======== DATA EXTRACT
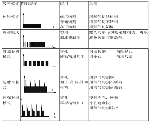 在连续模式下,激光输出的功率是恒定的,这使得进入板料的热量比较均匀,它适合于一般情况下较快速的切割,一方面可以提高工作效率,另一方面也是避免热量集中导致热影响区组织恶变的需要。调制模式的激光功率是切割速度的函数,它可以通过限制在各点处的功率使进入板料的热量保持在相当的低水平,从而防止切缝边缘的烧伤。由于它的控制比较复杂,因此效率不是很高,只在短时段内使用。脉冲模式虽可细分为三种情况,实质上只是强度的差别,往往根据材料的特性和结构的精度来选择。
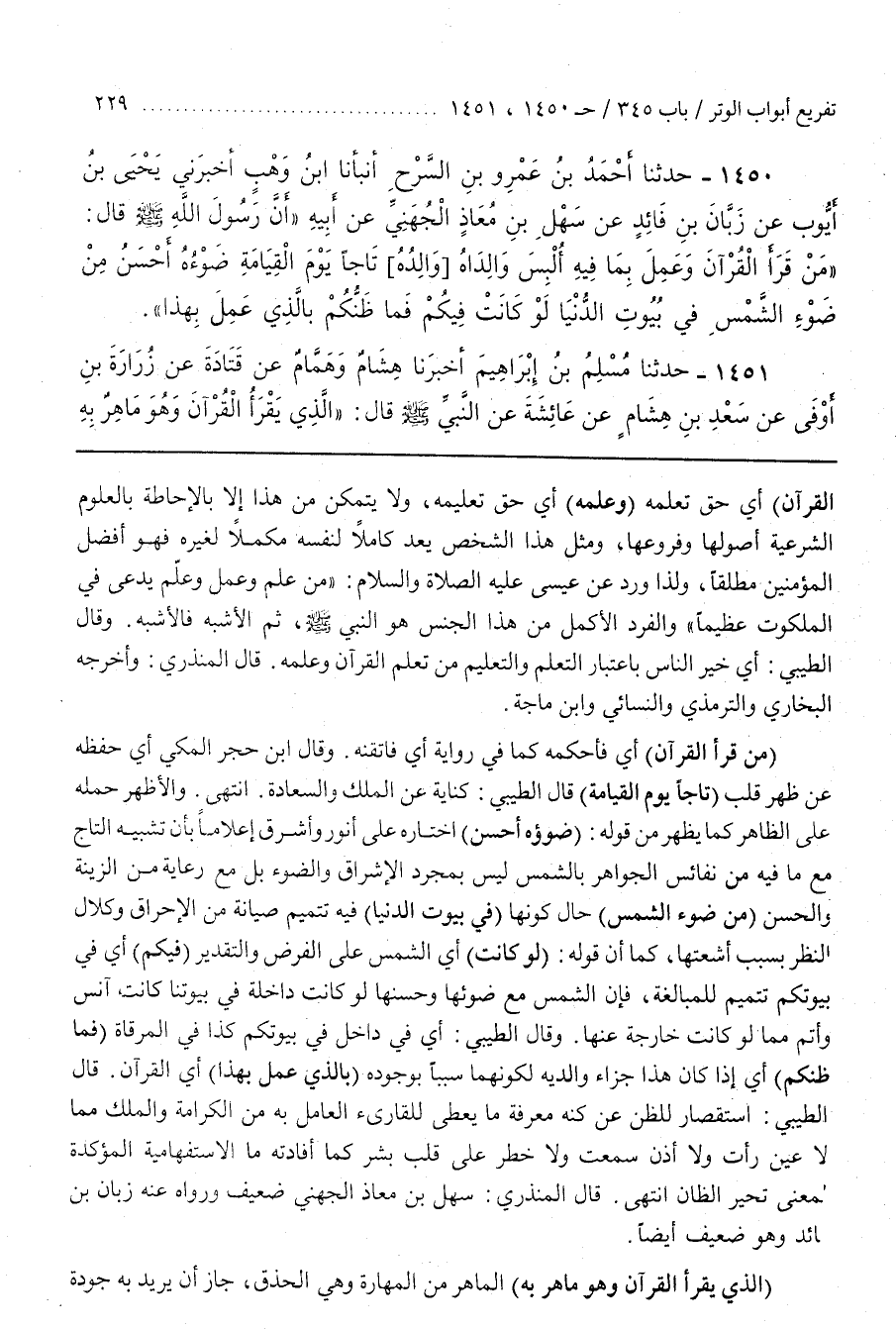[1454] (الَّذِي يَقْرَأُ الْقُرْآنَ وَهُوَ مَاهِرٌ بِهِ) الْمَاهِرُ مِنَ الْمَهَارَةِ وَهِيَ الْحِذْقُ جَازَ أَنْ يُرِيدَ بِهِ جَوْدَةَ
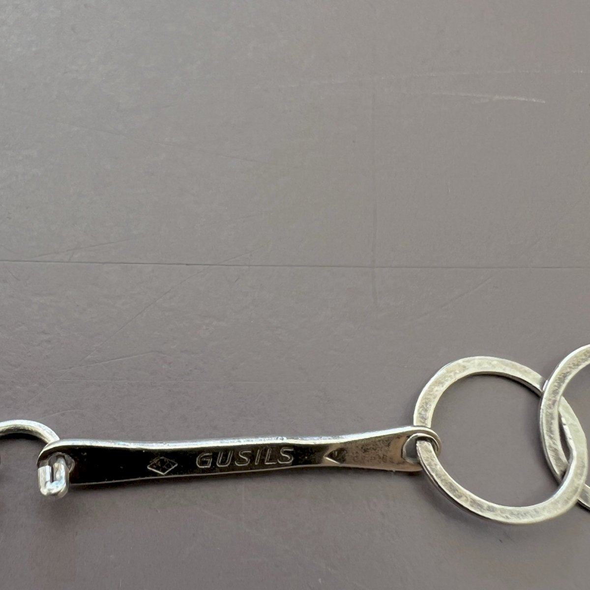 Collier vintage design argent massif créateur « Gusils» vers 1970 Chaine Corde. Ce collier est gravé par la signature du créateur . La chaîne corde semble avoir été restauré voir les photos. ou cela est d’origine, je l’ignore. En tout cas elle est solide. Dimension environ 40,5 cm sur 0,8 cm de large pour les anneaux. Il s’agit d’un petit tour de cou. Le poids environ 5,3 g. État:Occasion: Objet ayant été porté. ...Occasion: Objet ayant été porté. les éventuelles imperfections. Type:Chaîne Métal:Argent massif Pureté métal:925 parties pour 1000
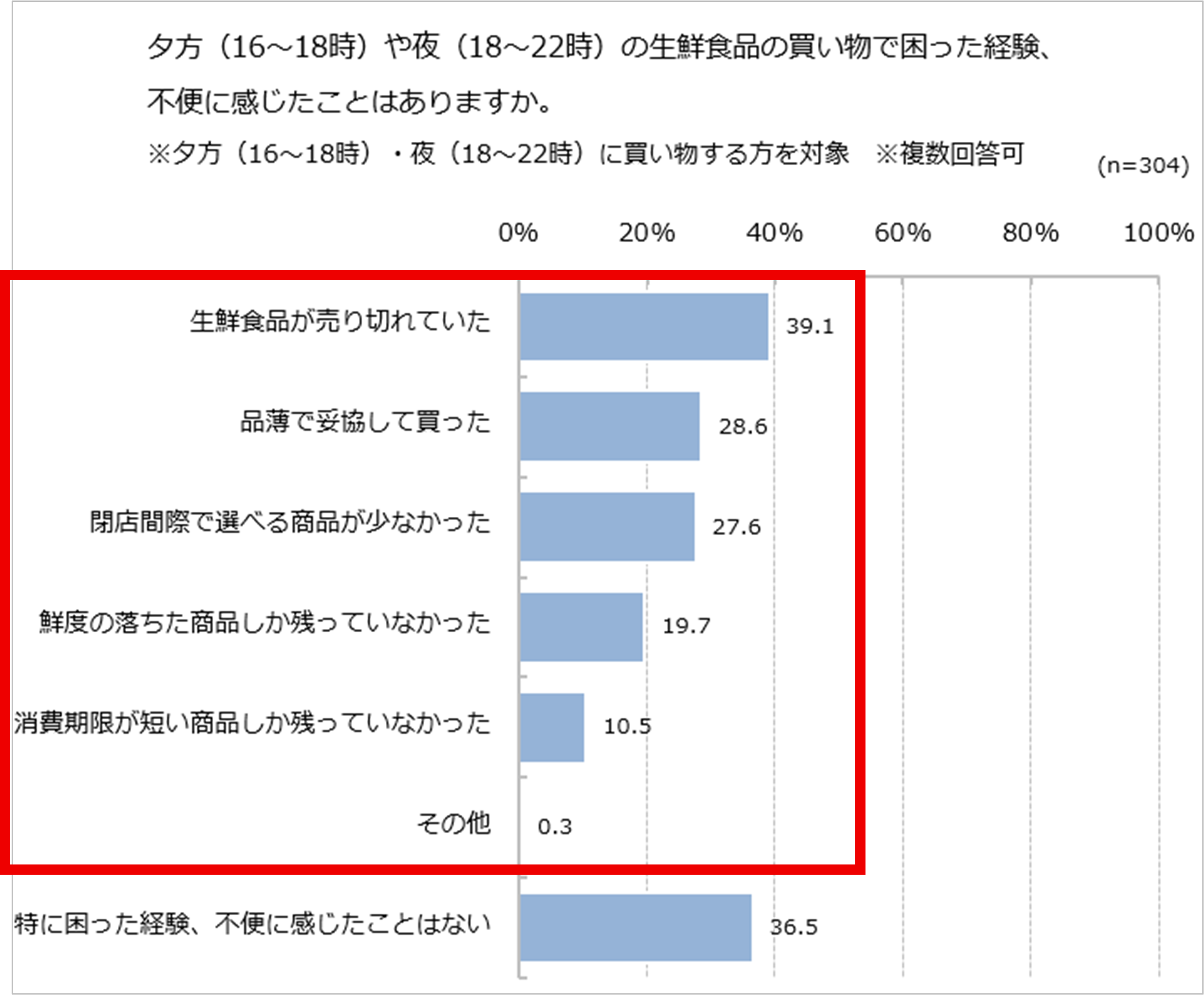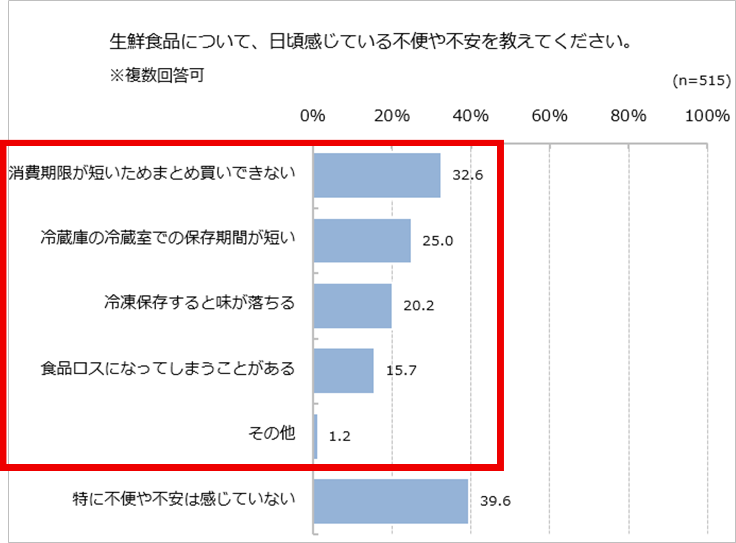 こうした買い物傾向の中、夕方以降の生鮮食品の買い物で、「特に困った経験、不便に感じたことはない」と回答した36.5%を除く、63.5%が困った経験や不便に感じたことがあると分かりました。そのうち、「生鮮食品が売り切れていた」経験がある人は39.1%、「生鮮食品が品薄で妥協して買ったことがある」人は28.6%に上り、夕方以降の生鮮食品の“品揃え”について困った経験が多いことがうかがえます。また、生鮮食品について、「特に不便や不安は感じていない」と回答した39.6%を除く、60.4%が不便や不安を抱えており、「消費期限が短いためまとめ買いできない」(32.6%)、「冷蔵庫での保存期間が短い」(25.0%)など、現代の買い物スタイルと商品特性のミスマッチが、消費者の悩みに繋がっている実態が明らかとなりました。
================
Copy exactly, and only, the lines running from the one containing "Collier vintage design" through the final line of the data, and omit the pictures.

SOLUTION TO THIS EXERCISE:
 Collier vintage design argent massif créateur « Gusils» vers 1970 Chaine Corde. Ce collier est gravé par la signature du créateur . La chaîne corde semble avoir été restauré voir les photos. ou cela est d’origine, je l’ignore. En tout cas elle est solide. Dimension environ 40,5 cm sur 0,8 cm de large pour les anneaux. Il s’agit d’un petit tour de cou. Le poids environ 5,3 g. État:Occasion: Objet ayant été porté. ...Occasion: Objet ayant été porté. les éventuelles imperfections. Type:Chaîne Métal:Argent massif Pureté métal:925 parties pour 1000
 こうした買い物傾向の中、夕方以降の生鮮食品の買い物で、「特に困った経験、不便に感じたことはない」と回答した36.5%を除く、63.5%が困った経験や不便に感じたことがあると分かりました。そのうち、「生鮮食品が売り切れていた」経験がある人は39.1%、「生鮮食品が品薄で妥協して買ったことがある」人は28.6%に上り、夕方以降の生鮮食品の“品揃え”について困った経験が多いことがうかがえます。また、生鮮食品について、「特に不便や不安は感じていない」と回答した39.6%を除く、60.4%が不便や不安を抱えており、「消費期限が短いためまとめ買いできない」(32.6%)、「冷蔵庫での保存期間が短い」(25.0%)など、現代の買い物スタイルと商品特性のミスマッチが、消費者の悩みに繋がっている実態が明らかとなりました。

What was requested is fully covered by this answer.